* ASSIGNED TASK *
With the pictures left aside, write out exactly the lines of the listing below from the line with "Do konca marca" to the line with "В результате конференц-зал", both included, and only those.

* LISTED ENTRIES *
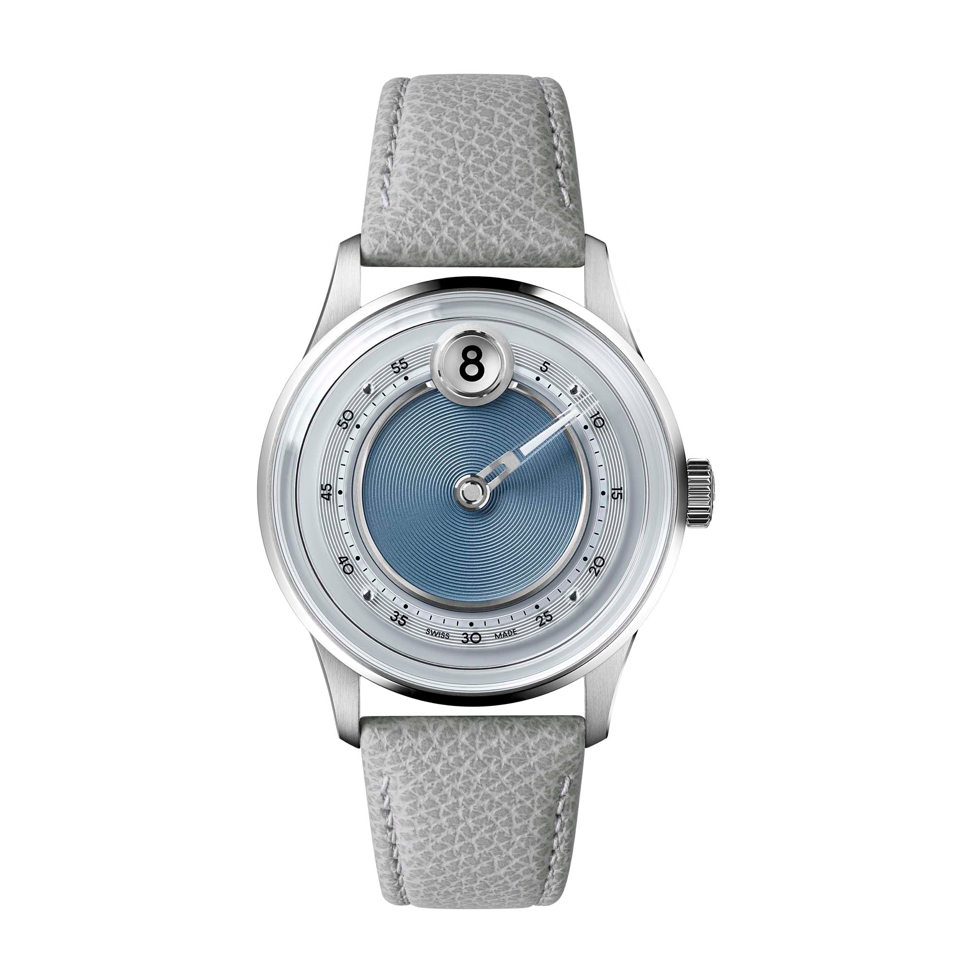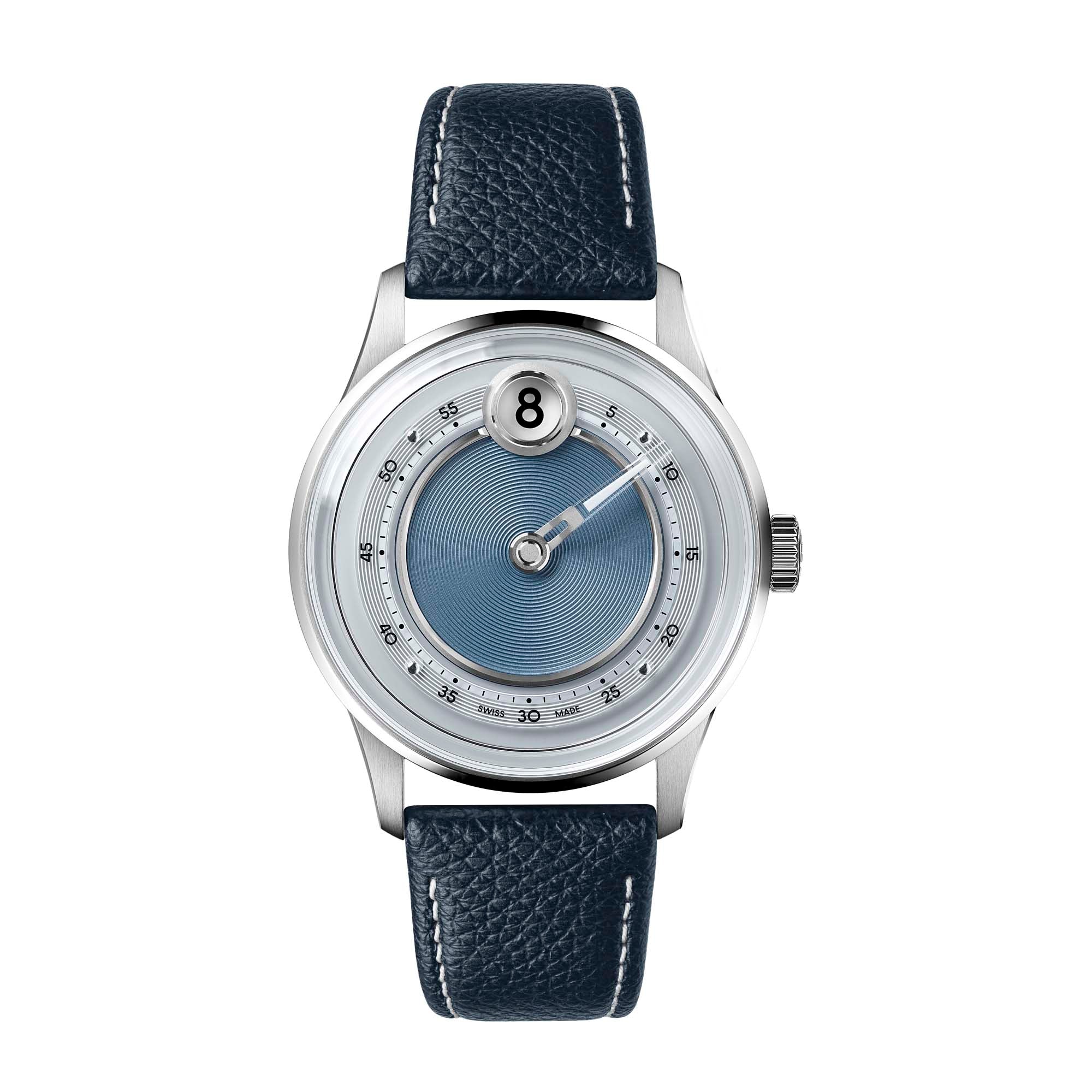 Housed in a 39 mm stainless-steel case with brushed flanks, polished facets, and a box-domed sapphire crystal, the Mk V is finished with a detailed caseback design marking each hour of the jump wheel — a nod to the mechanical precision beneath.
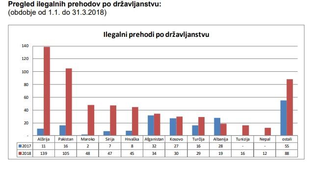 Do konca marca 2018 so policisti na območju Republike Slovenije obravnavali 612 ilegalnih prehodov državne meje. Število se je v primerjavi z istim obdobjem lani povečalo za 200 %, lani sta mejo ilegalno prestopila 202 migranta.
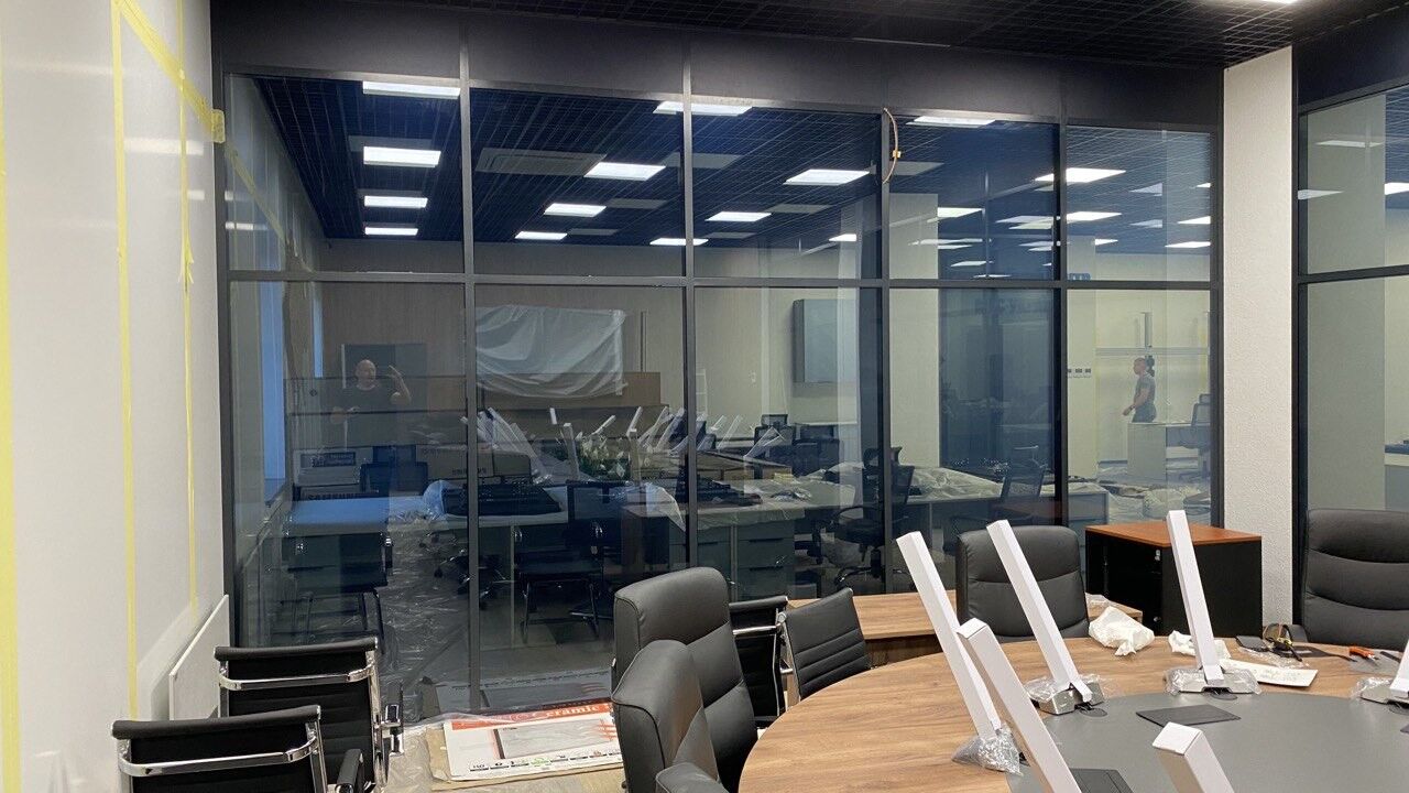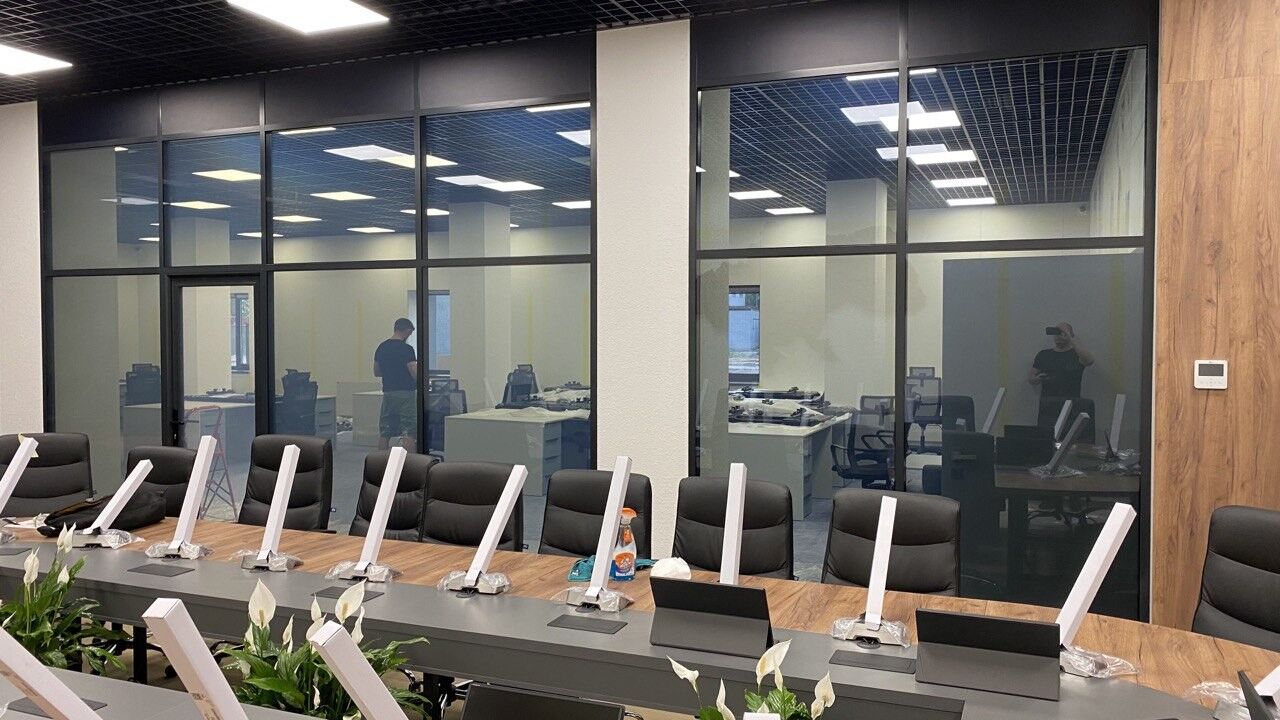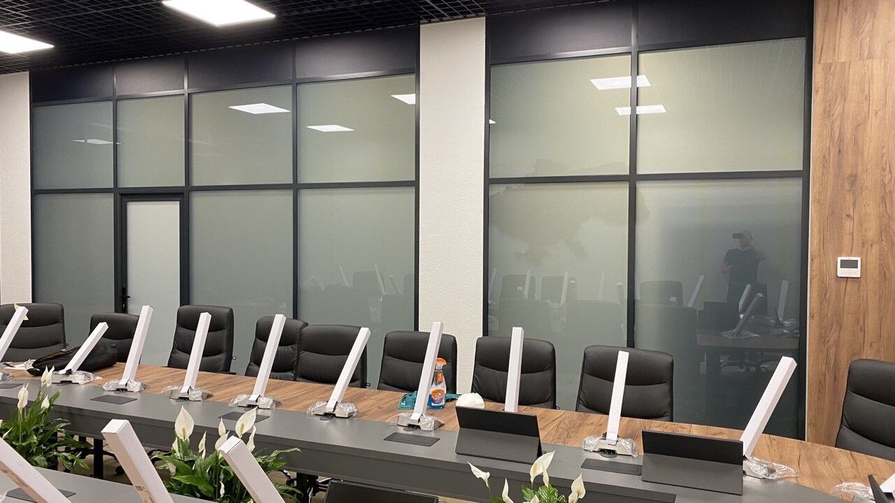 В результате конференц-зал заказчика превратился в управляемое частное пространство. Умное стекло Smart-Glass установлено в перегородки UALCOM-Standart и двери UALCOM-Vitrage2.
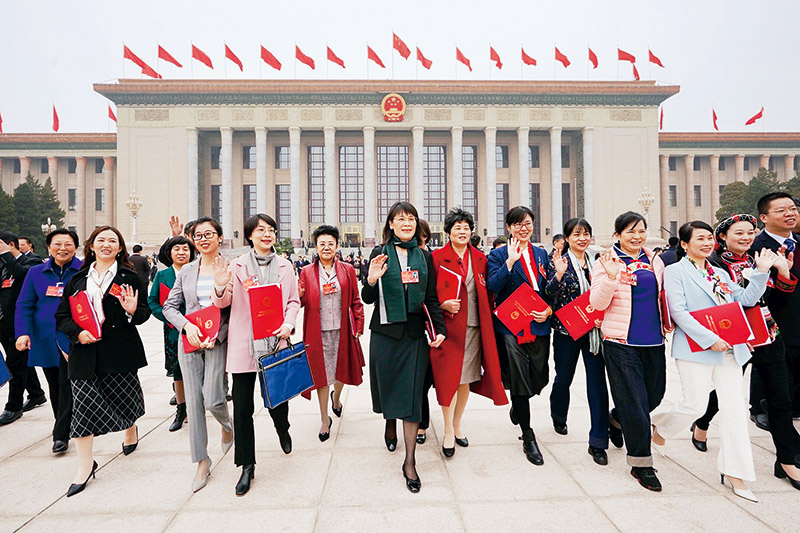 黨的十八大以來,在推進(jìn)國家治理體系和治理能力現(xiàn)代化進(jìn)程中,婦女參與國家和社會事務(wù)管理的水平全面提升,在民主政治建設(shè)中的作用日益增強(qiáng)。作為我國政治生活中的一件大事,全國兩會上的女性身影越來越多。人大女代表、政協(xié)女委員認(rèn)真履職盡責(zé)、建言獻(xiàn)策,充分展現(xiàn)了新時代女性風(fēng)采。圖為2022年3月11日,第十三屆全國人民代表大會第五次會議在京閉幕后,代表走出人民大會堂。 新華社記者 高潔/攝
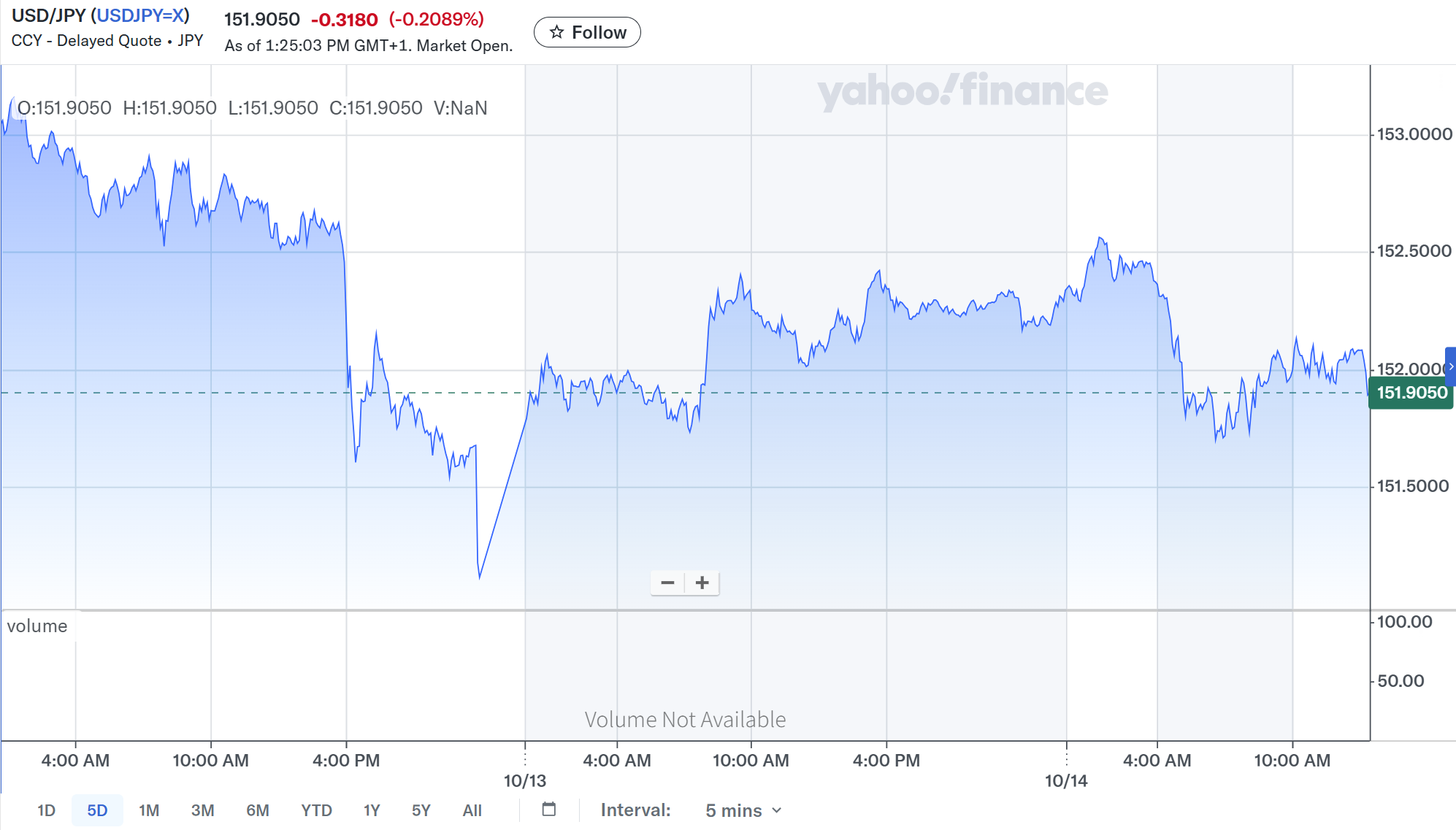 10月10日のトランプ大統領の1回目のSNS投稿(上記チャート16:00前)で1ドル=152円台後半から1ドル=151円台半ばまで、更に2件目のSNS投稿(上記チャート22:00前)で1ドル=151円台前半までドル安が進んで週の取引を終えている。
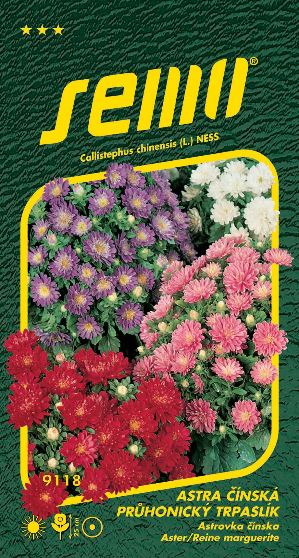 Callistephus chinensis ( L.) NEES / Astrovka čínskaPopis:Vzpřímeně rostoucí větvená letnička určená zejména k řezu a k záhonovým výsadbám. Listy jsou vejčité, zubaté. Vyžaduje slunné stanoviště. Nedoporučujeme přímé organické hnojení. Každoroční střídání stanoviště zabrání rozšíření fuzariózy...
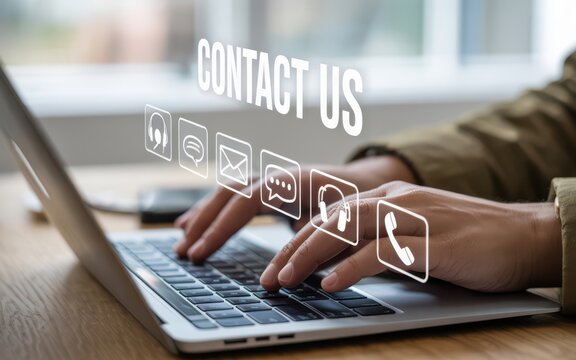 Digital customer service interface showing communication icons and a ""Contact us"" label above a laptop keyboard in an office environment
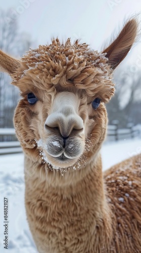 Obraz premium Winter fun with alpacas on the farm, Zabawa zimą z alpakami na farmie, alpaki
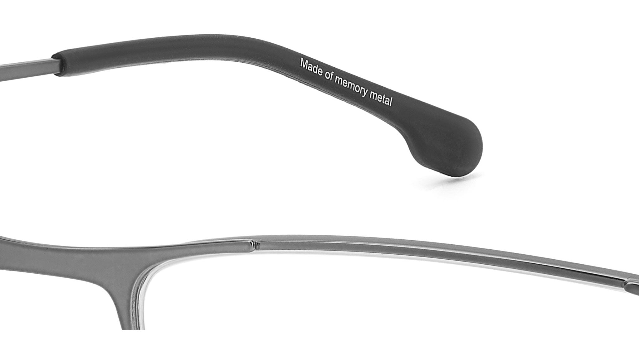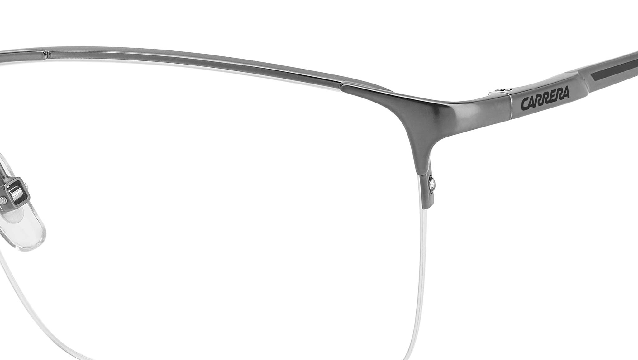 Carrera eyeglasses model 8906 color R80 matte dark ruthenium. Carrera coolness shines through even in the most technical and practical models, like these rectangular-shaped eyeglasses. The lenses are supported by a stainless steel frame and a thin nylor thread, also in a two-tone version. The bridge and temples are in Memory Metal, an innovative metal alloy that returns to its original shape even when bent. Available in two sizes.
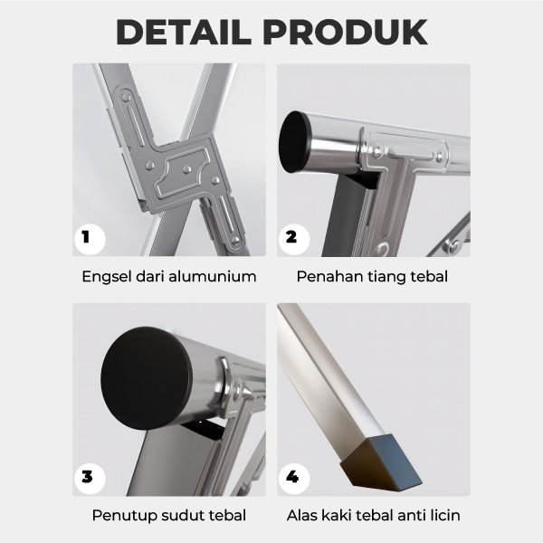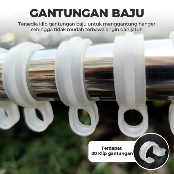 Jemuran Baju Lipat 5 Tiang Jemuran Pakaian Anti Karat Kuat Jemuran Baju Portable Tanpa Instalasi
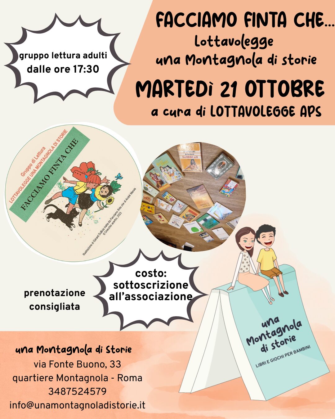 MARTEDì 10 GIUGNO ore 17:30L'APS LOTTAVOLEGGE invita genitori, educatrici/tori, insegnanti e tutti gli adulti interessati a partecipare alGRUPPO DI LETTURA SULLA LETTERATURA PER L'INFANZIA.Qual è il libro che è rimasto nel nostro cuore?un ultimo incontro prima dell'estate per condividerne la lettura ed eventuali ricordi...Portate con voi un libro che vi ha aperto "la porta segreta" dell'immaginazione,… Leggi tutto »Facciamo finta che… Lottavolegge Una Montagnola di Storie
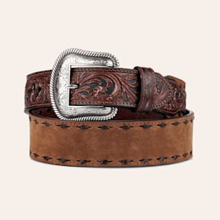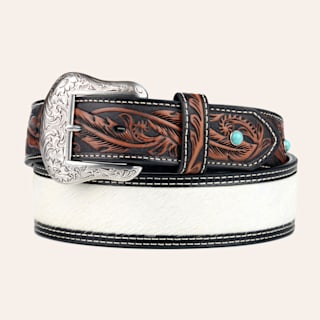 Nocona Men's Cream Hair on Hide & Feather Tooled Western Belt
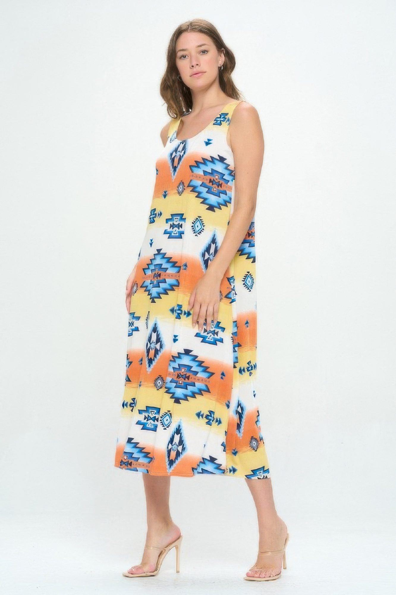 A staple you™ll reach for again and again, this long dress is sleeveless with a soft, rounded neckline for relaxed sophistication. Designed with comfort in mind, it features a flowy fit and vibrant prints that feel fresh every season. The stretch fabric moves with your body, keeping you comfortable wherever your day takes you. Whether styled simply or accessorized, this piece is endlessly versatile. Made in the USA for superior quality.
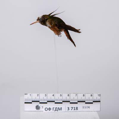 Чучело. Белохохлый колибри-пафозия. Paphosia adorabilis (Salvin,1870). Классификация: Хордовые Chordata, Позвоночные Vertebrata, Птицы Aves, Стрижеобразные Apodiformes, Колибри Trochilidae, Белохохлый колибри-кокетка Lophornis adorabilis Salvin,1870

* OUTPUT FOR THIS TASK *
 Do konca marca 2018 so policisti na območju Republike Slovenije obravnavali 612 ilegalnih prehodov državne meje. Število se je v primerjavi z istim obdobjem lani povečalo za 200 %, lani sta mejo ilegalno prestopila 202 migranta.
 В результате конференц-зал заказчика превратился в управляемое частное пространство. Умное стекло Smart-Glass установлено в перегородки UALCOM-Standart и двери UALCOM-Vitrage2.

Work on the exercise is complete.